━━━ Records provided

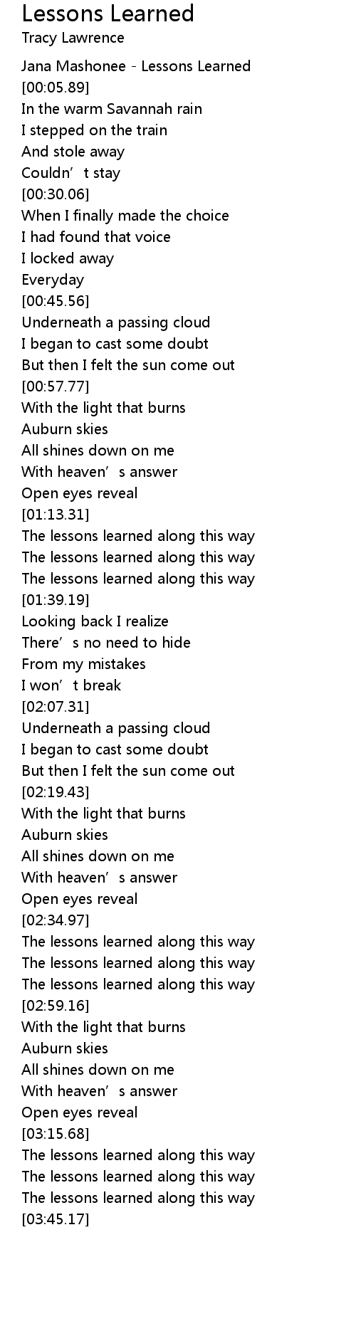 | [00:01.12] | Jana Mashonee Lessons Learned |
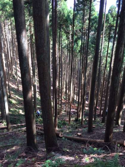 天狗杉からの帰り道,間伐の仕事をされているところに出会いました。間伐とは,森の木を切ったり,枝をはらったりして,明るくし,杜を健康な状態に保つための大切な作業です。また途中で琵琶湖も見えました。
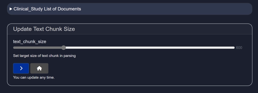 - Configure (⚙️) – Configure parsing settings such as text chunk size.
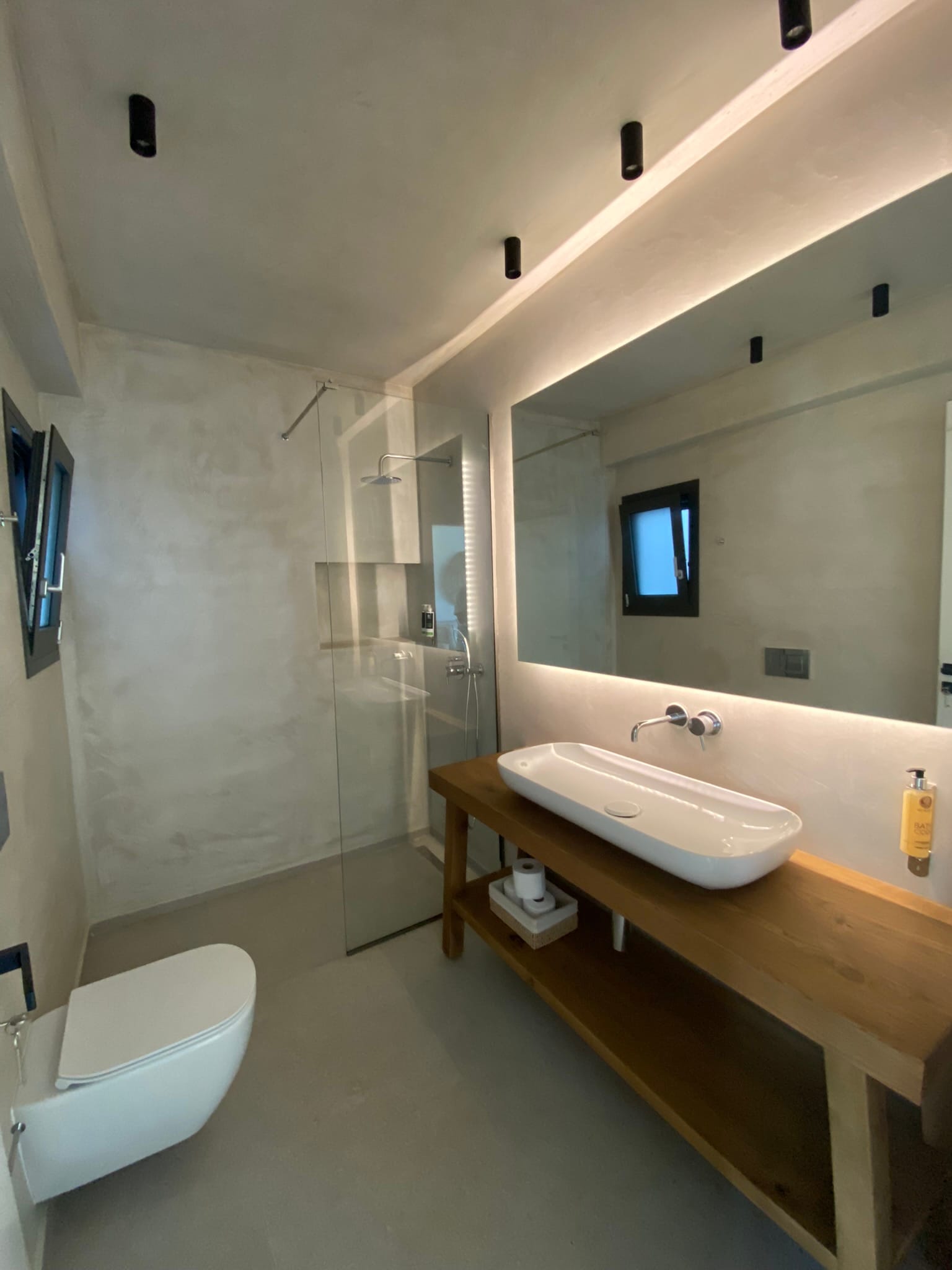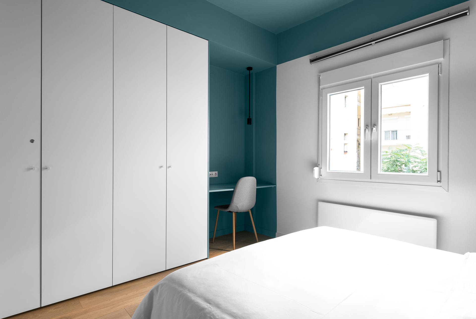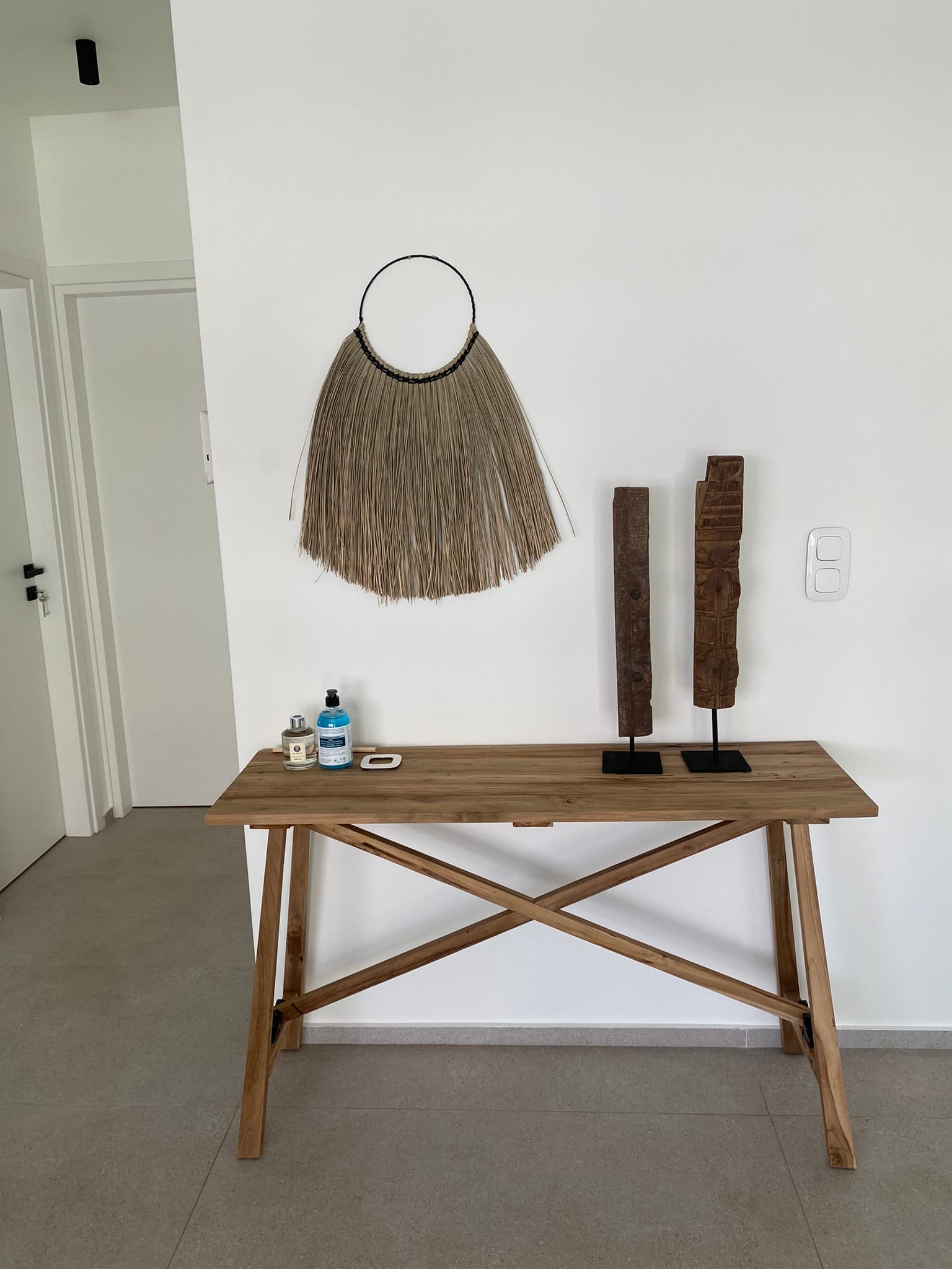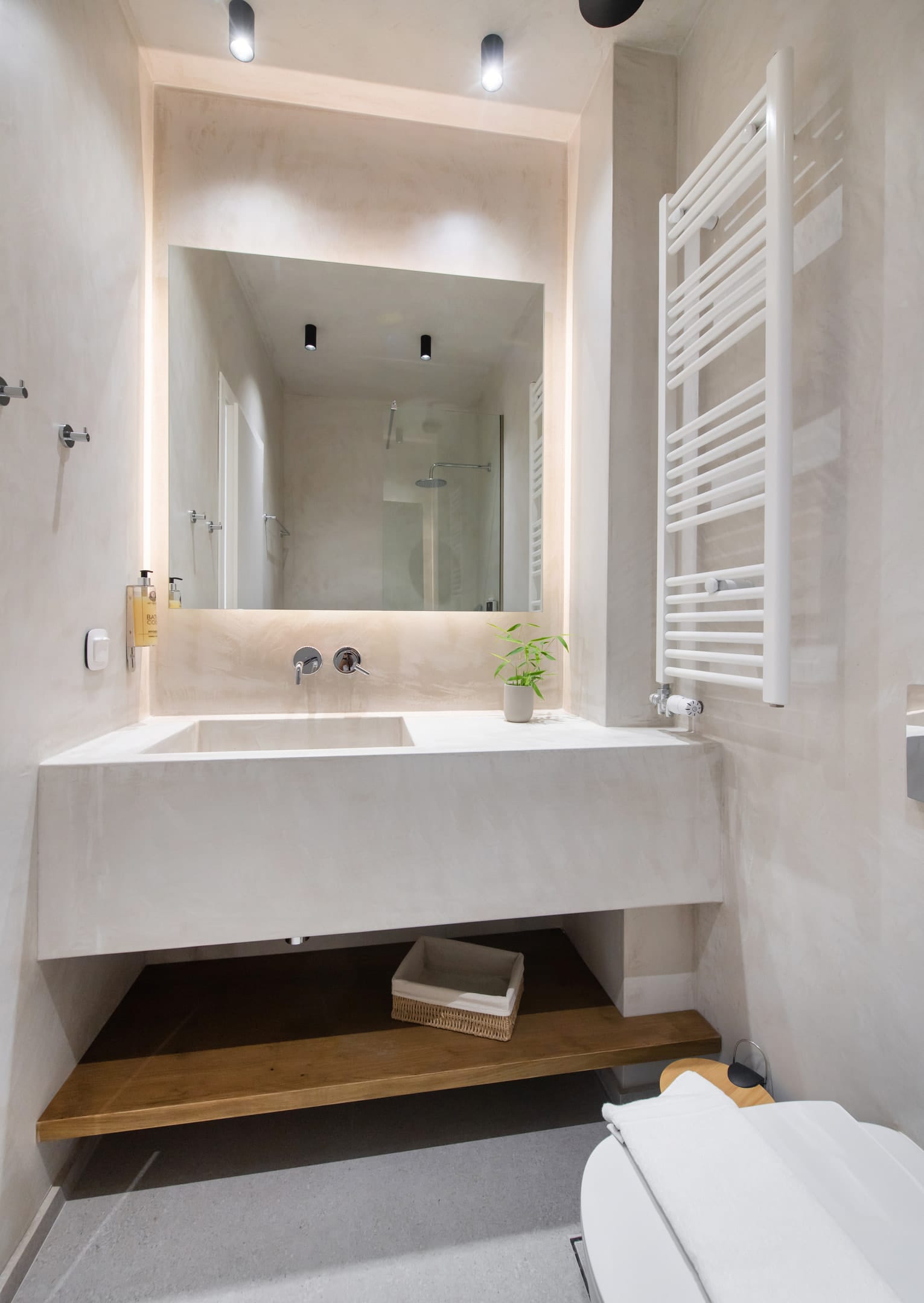 Neutral furniture and parquet floors are accented with vibrant accessories, creating a comfortable, stylish ambiance. A short hallway leads to a guest cloakroom with a shower.
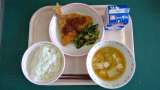 ツナピラフ、オニオンスープ、揚げじゃが芋のサラダ、牛乳 〈産地〉 たまねぎ:佐...
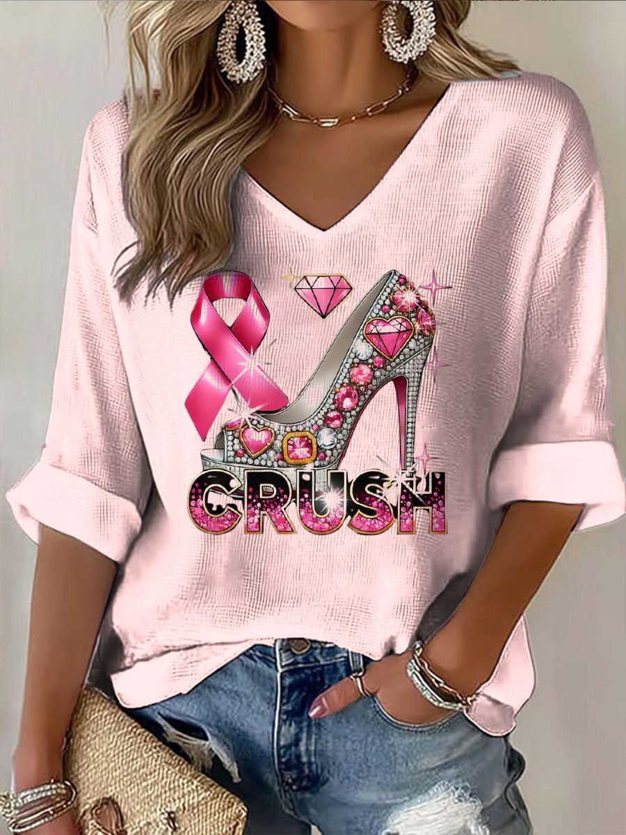 Damski dekolt w serek z długim rękawem na wysokim obcasie wzór butów

━━━━━━

The lines from the one containing "ツナピラフ、オニオンスープ、揚げじゃが芋のサラダ、牛乳 〈産地〉 たまねぎ:佐..." through the last line of the records are what you should copy, word for word and nothing else, with pictures left out.

* _Solved exercise_
 ツナピラフ、オニオンスープ、揚げじゃが芋のサラダ、牛乳 〈産地〉 たまねぎ:佐...
 Damski dekolt w serek z długim rękawem na wysokim obcasie wzór butów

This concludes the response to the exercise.